I've tried looking for a chart of these but can't find one.

You can make one by generating a (fairly long) email...
public class ListCharacters;
public static void main(String[]args){
PrintWriter out = new PrintWriter(new FileOutputStream("myoutputfile.txt"));
for (char c = 1; c <= '\uffff'; c++) {
out.print(c + " " + (int)c);
}
out.flush();
out.close();
}}
Hopefully that will make a unicode file you can copy into an email and view in your email client - widths should become apparent.

On a side note, what character encoding are you using to mix japanese and ascii character.

objects, I think that characters 0x00 through to 0x7f are fairly consistent between most modern encodings; so 0x0041 in an asian character set would represent 'A'.

ASKER

burtdav:

You would like me to go through 65,535 character by hand?

Objects:

I'm using iso-2022-jp and though I am not an expert I believe that for all japanese encodings anything below char(256) is single-width.

Can you use the FontMetrics to determine which characters are single width and which are double width?

It's just an idea: if there are relatively few single-width characters, you can set up rules for finding them like I've explained. You would only have to search through the limited range of characters that are actually used. If it's still a mixture (ie a lot of single-width characters, and not just in a few ranges), then obviously it's not practical.

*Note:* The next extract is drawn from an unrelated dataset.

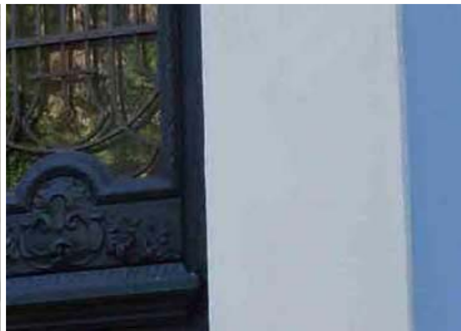
Figura 44 Fernanda Manéa Grupo I controle Depois O destino dos trabalhos que não tenho 2008

Again, you might be able to set up the same kind of thing as a literal array using FontMetrics - you could have a once-off java program to produce the code for that array by checking the width using a FontMetrics in a graphical context.

Thinking even more outside the square, can you use tab characters or html tables to do the formatting? Though I don't suppose you'd be here if you could.

ASKER

burtdav:

If I could used tabs I wouldn't be here :)

objects:

Using *anything* to find the width of a character would be fine. But as I showed with my little test characters which have the same width in the email viewer (i.e. one "space") don't give the same width using FontMetrics ...

The following two strings take up the same width in the viewer but FontMetrics reports two different widths:

AAAAAAAAAA (110 wide)
1234567890 (90 wide)

I realise that Java font you are has varying widths, but you may still be able to use to distinguish whether a character is single or double width. ie. you don't use the width directly, you just use it to determine if its a single or double width char.
You could then count how many single and double width characters there are and calculate width simply based on these numbers.

width = n * w (s + (2 * d))
where
n = number of characters
w = single char width in email viewer
s = # of single width chars
d = # of double width chars

ASKER

"ie. you don't use the width directly, you just use it to determine if its a single or double width char"

That's what I've been trying to do all along :) So how does one use a chracters width to decide if it's single or double sized? I think I see where you are going with this but I just want to make sure ...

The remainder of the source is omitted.